McCoy R Thomas, Griffiths Thomas L
Department of Linguistics, Yale University, 370 Temple St, New Haven, CT, 06511, USA.
Wu Tsai Institute, Yale University, 100 College St, New Haven, CT, 06510, USA.
Nat Commun. 2025 May 20;16(1):4676. doi: 10.1038/s41467-025-59957-y.
Humans can learn languages from remarkably little experience. Developing computational models that explain this ability has been a major challenge in cognitive science. Existing approaches have been successful at explaining how humans generalize rapidly in controlled settings but are usually too restrictive to tractably handle naturalistic data. We show that learning from limited naturalistic data is possible with an approach that bridges the divide between two popular modeling traditions: Bayesian models and neural networks. This approach distills a Bayesian model's inductive biases-the factors that guide generalization-into a neural network that has flexible representations. Like a Bayesian model, the resulting system can learn formal linguistic patterns from limited data. Like a neural network, it can also learn aspects of English syntax from naturally-occurring sentences. Thus, this model provides a single system that can learn rapidly and can handle naturalistic data.

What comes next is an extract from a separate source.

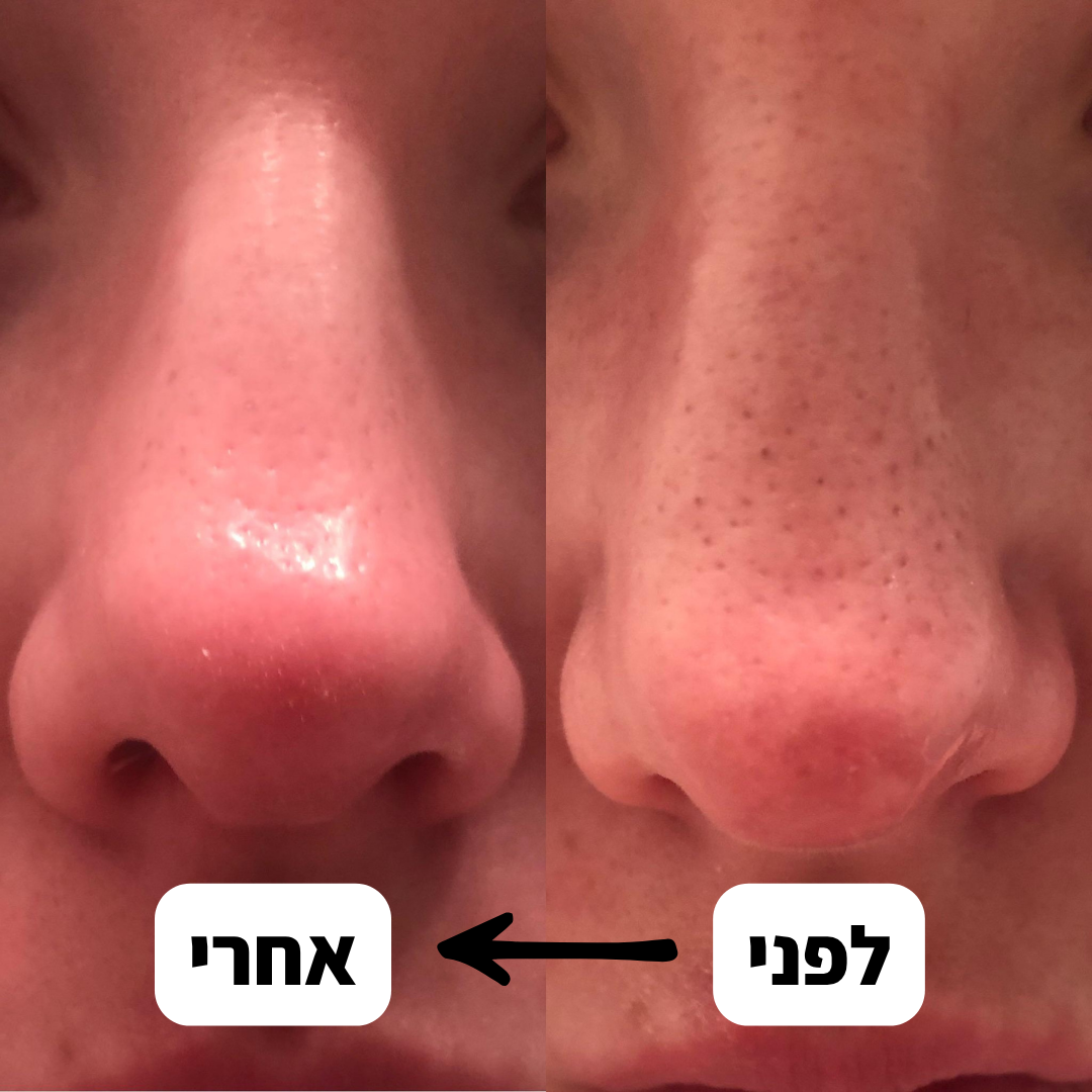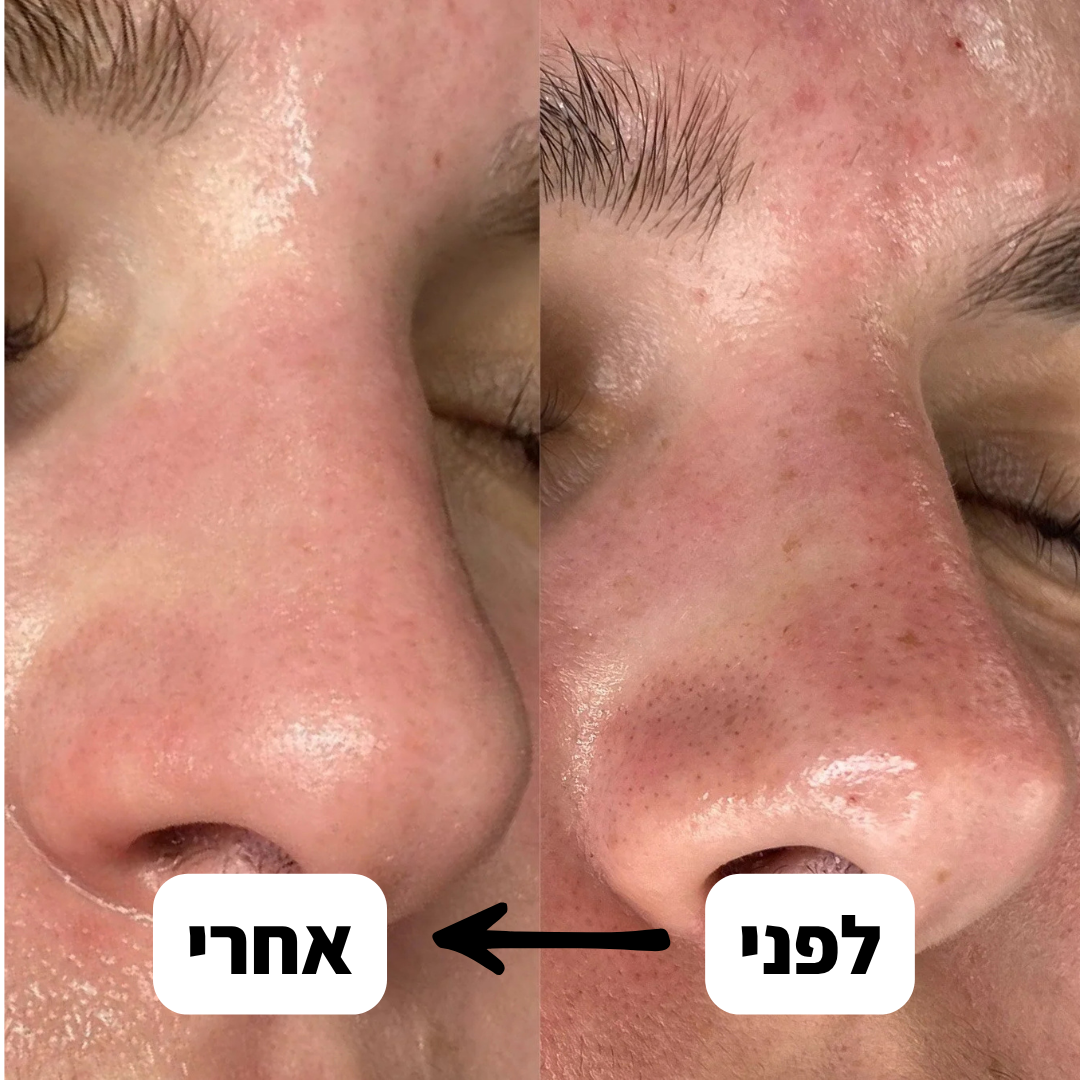התוצאה: הנקבובית מתנקה לגמרי, העור נרגע, והפנים נשארות חלקות וברורות בלי כאב ובלי סימנים.
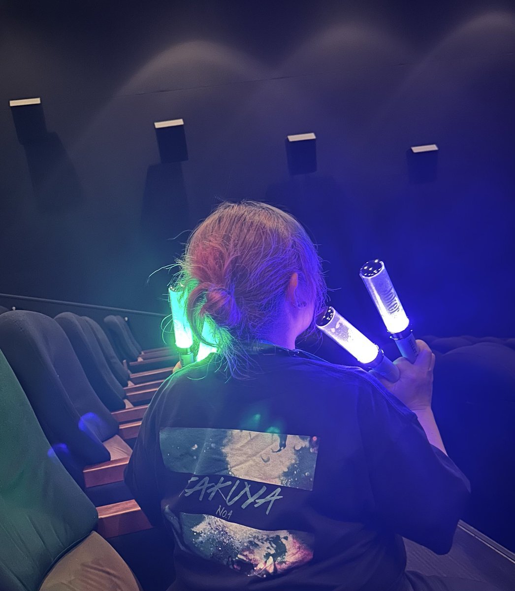 イオンシネマ佐賀大和で連チャンの応援上映参戦👍109から結構時間が無くバタバタ😅 またも、最前列ど真ん中😆 2回ともそうですが、ライブシーンは迫力満点😲 『手を銀河に伸ばそう』合唱シーンは震えました🥹 まさか2回とも涙するなんて😭 #ゾンビランドサガゆめぎんがパラダイス #応援上映

人类仅需极少的经验就能学习语言。开发能够解释这种能力的计算模型一直是认知科学中的一项重大挑战。现有方法在解释人类如何在受控环境中快速泛化方面取得了成功,但通常限制过多,难以处理自然主义数据。我们表明,通过一种弥合两种流行建模传统(贝叶斯模型和神经网络)之间差距的方法,可以从有限的自然主义数据中进行学习。这种方法将贝叶斯模型的归纳偏差(即指导泛化的因素)提炼成具有灵活表示的神经网络。与贝叶斯模型一样,由此产生的系统可以从有限的数据中学习形式语言模式。与神经网络一样,它还可以从自然出现的句子中学习英语句法的各个方面。因此,该模型提供了一个能够快速学习并处理自然主义数据的单一系统。